DATA SHOWN
= Beginning of Section =
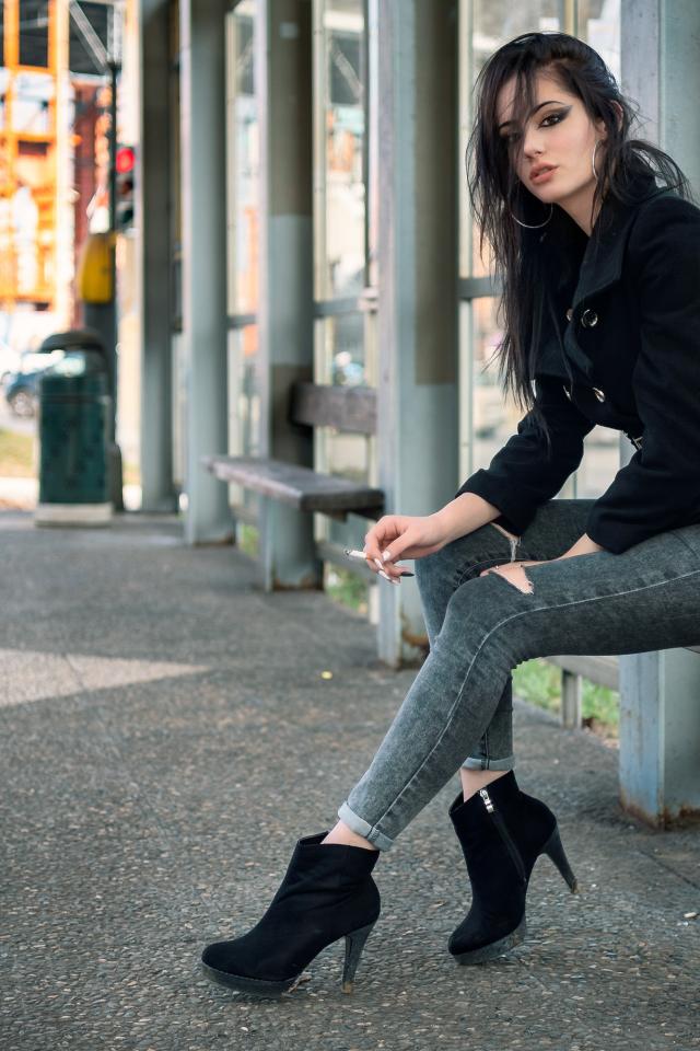 Wallpaper Girl neformalka sitting at the bus stop
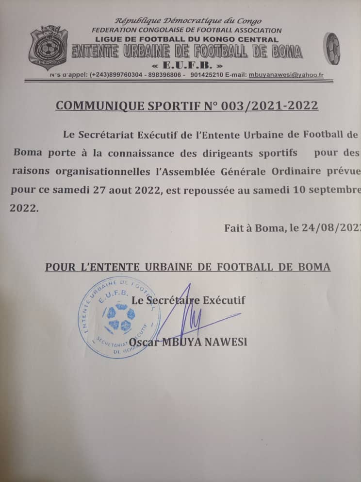 Dans  un communiqué sportif n°003/2021-2022 , rendu public ce jeudimanche 25 août,  dont la rédaction de yaelnews.net s’est procuré d’une copie,   le secrétariat exécutif de l’entente urbaine de football de boma dans la province du Kongo central porte à la connaissance des dirigeants sportifs pour des raisons Organisationnelles l’Assemblée Générale prévue le samedi 27 août 2022 est repoussée au samedi 10 septembre 2022.
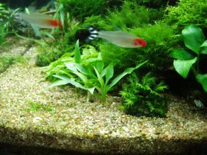 Достал запылившуюся старенькую мыльничку, сделал пару фото,а-то телефотом фотать уморился.Первое фото общего вида аквариума после борьбы с водорослями,т.е. выздоравлевающего,второе фото любимого растения криптокорины парва, ну и фсиденс Тайвань попал в кадр.
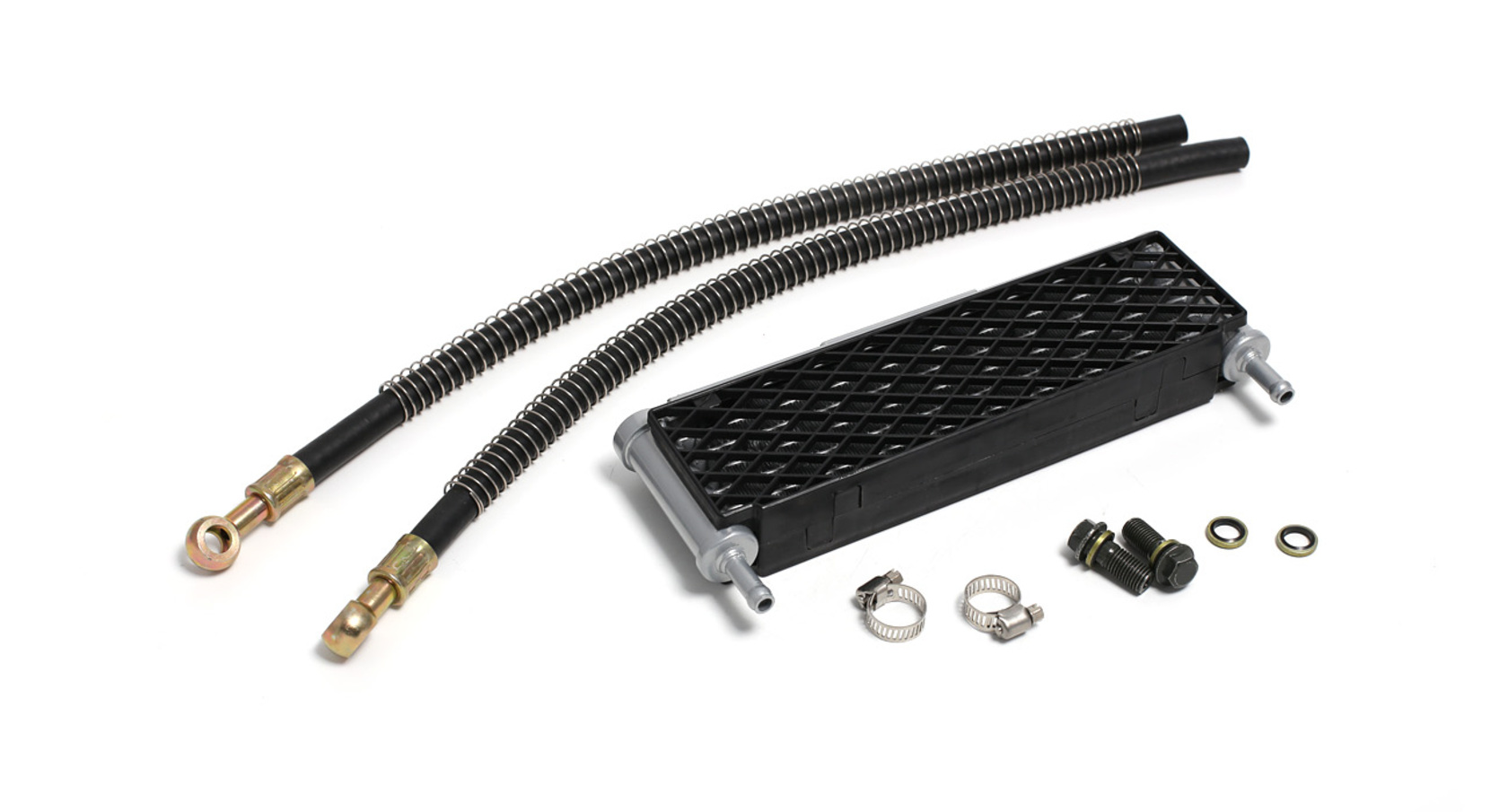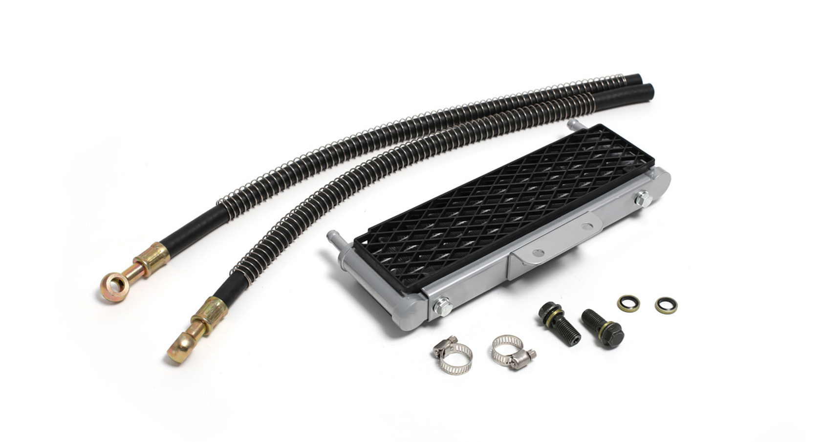 Широкий алюминиевый радиатор в сборе с шлангами — оптимальное решение для охлаждения высокооборотистых двигателей питбайков объёмом от 140 см³. Подходит для моделей YX140, YX140E, YX150E, YX150-5, YX150/160, ZS155/160/190E и большинства современных питбайков. Радиатор оборудован пластиковыми решётками с обеих сторон для защиты от камней и веток. Крепление осуществляется пластиной с двумя отверстиями, расстояние между центрами — 45 мм. Для подключения шлангов необходимы банжо-болты 10×1,25.
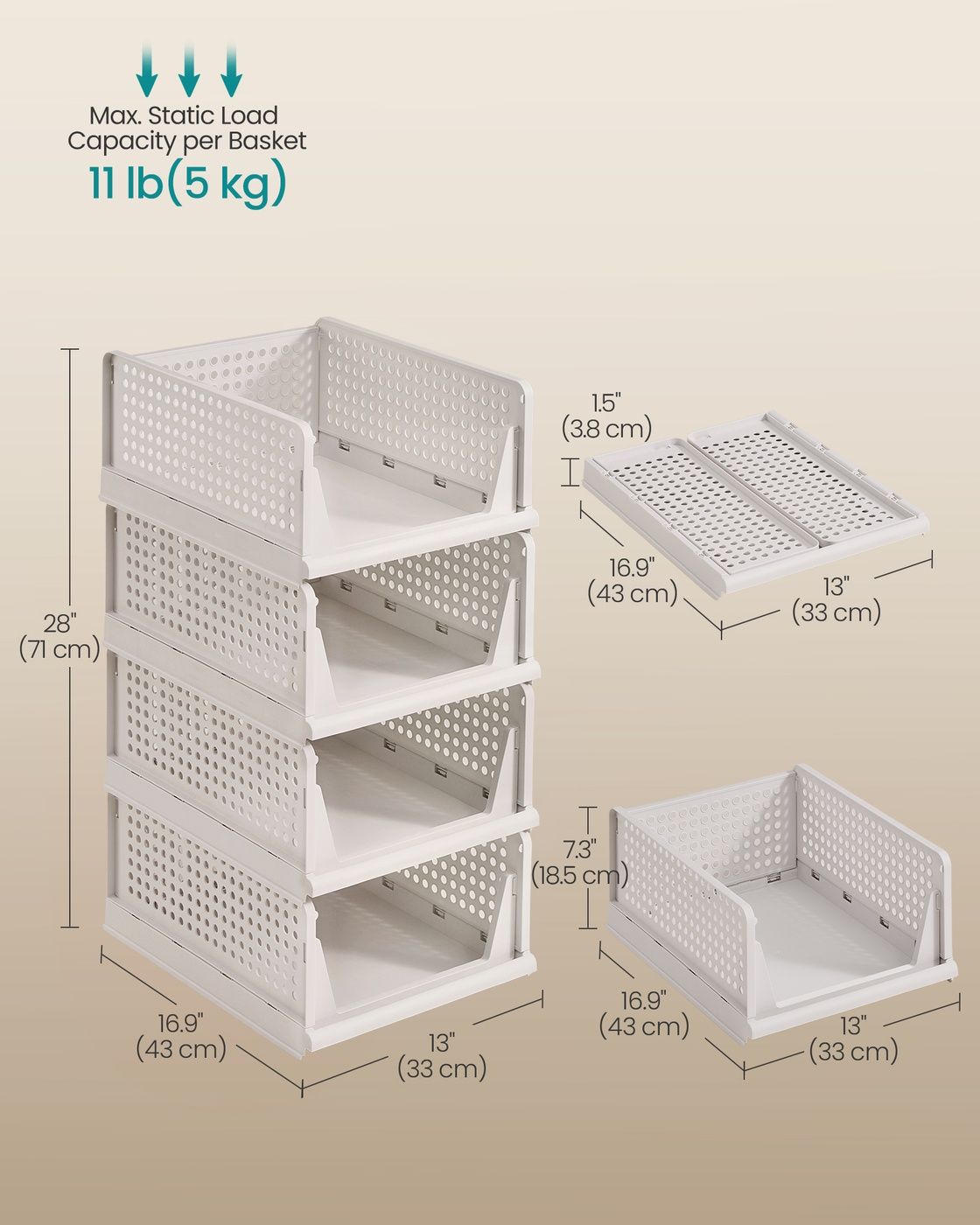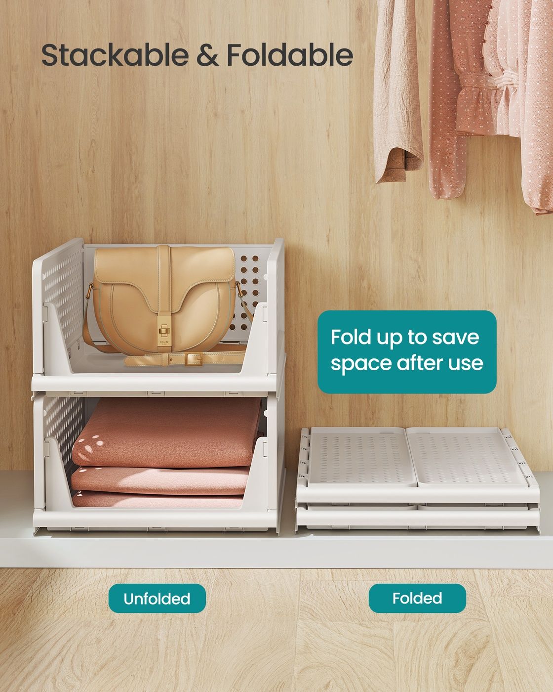 THORNFELL Stackable Wardrobe Closet Organisers Set of 4 - White
= End of Section =
ASSIGNMENT
Pictures aside, reproduce all of the material above without alteration.

EXPECTED OUTPUT
 Wallpaper Girl neformalka sitting at the bus stop
 Dans  un communiqué sportif n°003/2021-2022 , rendu public ce jeudimanche 25 août,  dont la rédaction de yaelnews.net s’est procuré d’une copie,   le secrétariat exécutif de l’entente urbaine de football de boma dans la province du Kongo central porte à la connaissance des dirigeants sportifs pour des raisons Organisationnelles l’Assemblée Générale prévue le samedi 27 août 2022 est repoussée au samedi 10 septembre 2022.
 Достал запылившуюся старенькую мыльничку, сделал пару фото,а-то телефотом фотать уморился.Первое фото общего вида аквариума после борьбы с водорослями,т.е. выздоравлевающего,второе фото любимого растения криптокорины парва, ну и фсиденс Тайвань попал в кадр.
 Широкий алюминиевый радиатор в сборе с шлангами — оптимальное решение для охлаждения высокооборотистых двигателей питбайков объёмом от 140 см³. Подходит для моделей YX140, YX140E, YX150E, YX150-5, YX150/160, ZS155/160/190E и большинства современных питбайков. Радиатор оборудован пластиковыми решётками с обеих сторон для защиты от камней и веток. Крепление осуществляется пластиной с двумя отверстиями, расстояние между центрами — 45 мм. Для подключения шлангов необходимы банжо-болты 10×1,25.
 THORNFELL Stackable Wardrobe Closet Organisers Set of 4 - White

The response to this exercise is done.